Karimpinpoovinakkare is a 1985 Malayalam film written by P. Padmarajan and directed by I. V. Sasi, starring Mammootty, Mohanlal, Bharat Gopy, Seema, and Urvashi. The film revolves around the life and revenge of a few villagers against each other.

Plot
The film opens with an illegal cockfighting competition held in a small village in central Kerala. Suddenly police enter and arrest Shivan and Suku for holding money betting. But on way, they are saved by village youths under Chellan, a local goon, who is also a close buddy of Shivan. Both Chellan and Shivan share a strong  friendship and are more like brothers. Chellan is in love with Shivan's younger sister and Shivan and his mom have given the green signal to it. Chandri, the sister of Shivan, is his everything and his whole happiness revolves around her. Bhadran, the younger brother of Chellan is too aggressive like him and picks fights for every silly reason. Its usually Shivan, who sorts out the fights that he picks every day. Things are going very smoothly until one day Chandri becomes pregnant. Chandri, in order to pacify Shivan reveals him that it is Chellan who is responsible for this, whereas it was Thampi, her neighbor, who was actually responsible. Shivan, in a sudden rage, kills Chellan and surrenders at the police station. Bhadran turns violent by this incident and vows to take revenge.

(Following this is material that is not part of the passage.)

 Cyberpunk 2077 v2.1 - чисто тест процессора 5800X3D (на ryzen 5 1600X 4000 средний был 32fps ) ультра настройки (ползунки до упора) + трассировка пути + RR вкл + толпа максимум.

This incident changes the atmosphere in the village and Bhadran is now blind with hatred towards Shivan and his family. Shivan is sentenced to life imprisonment. Thampi then comes out and marries Chandri. Bhadran one night kills him and kidnaps Chandri and sells her along with the son to Pappachan, a pimp, who also runs a brothel. Shocked of his brutal way of revenge, Bhadran's mother curses him and dies. Though shocked over her reaction, Bhadran is not ready to give up his revenge.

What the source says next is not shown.